▶ Exercise: Output, word for word, the lines of this listing that fall between the line with "For example, you" and the line with "本次交流会,限额预约、不收取任何费用,欢迎浙江宴会产业的创始人&行政总厨参加!", counting both of those lines, and no others.

▶ Source material:
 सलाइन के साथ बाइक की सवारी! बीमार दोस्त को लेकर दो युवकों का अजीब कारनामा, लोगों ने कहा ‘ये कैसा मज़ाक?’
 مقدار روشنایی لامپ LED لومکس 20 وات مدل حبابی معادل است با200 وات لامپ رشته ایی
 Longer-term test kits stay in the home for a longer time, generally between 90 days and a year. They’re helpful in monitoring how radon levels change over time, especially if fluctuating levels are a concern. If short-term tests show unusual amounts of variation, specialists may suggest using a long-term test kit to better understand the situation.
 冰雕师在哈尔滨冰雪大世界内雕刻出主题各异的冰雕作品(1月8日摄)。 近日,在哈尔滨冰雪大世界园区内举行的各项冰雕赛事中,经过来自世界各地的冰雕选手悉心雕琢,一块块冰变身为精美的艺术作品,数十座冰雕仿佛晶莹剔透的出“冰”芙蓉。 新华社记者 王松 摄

* * *

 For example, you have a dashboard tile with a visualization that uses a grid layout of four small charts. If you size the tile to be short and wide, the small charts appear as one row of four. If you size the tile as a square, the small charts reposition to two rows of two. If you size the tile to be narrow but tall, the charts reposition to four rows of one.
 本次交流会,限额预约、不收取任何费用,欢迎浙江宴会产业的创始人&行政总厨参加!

▶ Answer for this exercise:
 For example, you have a dashboard tile with a visualization that uses a grid layout of four small charts. If you size the tile to be short and wide, the small charts appear as one row of four. If you size the tile as a square, the small charts reposition to two rows of two. If you size the tile to be narrow but tall, the charts reposition to four rows of one.
 本次交流会,限额预约、不收取任何费用,欢迎浙江宴会产业的创始人&行政总厨参加!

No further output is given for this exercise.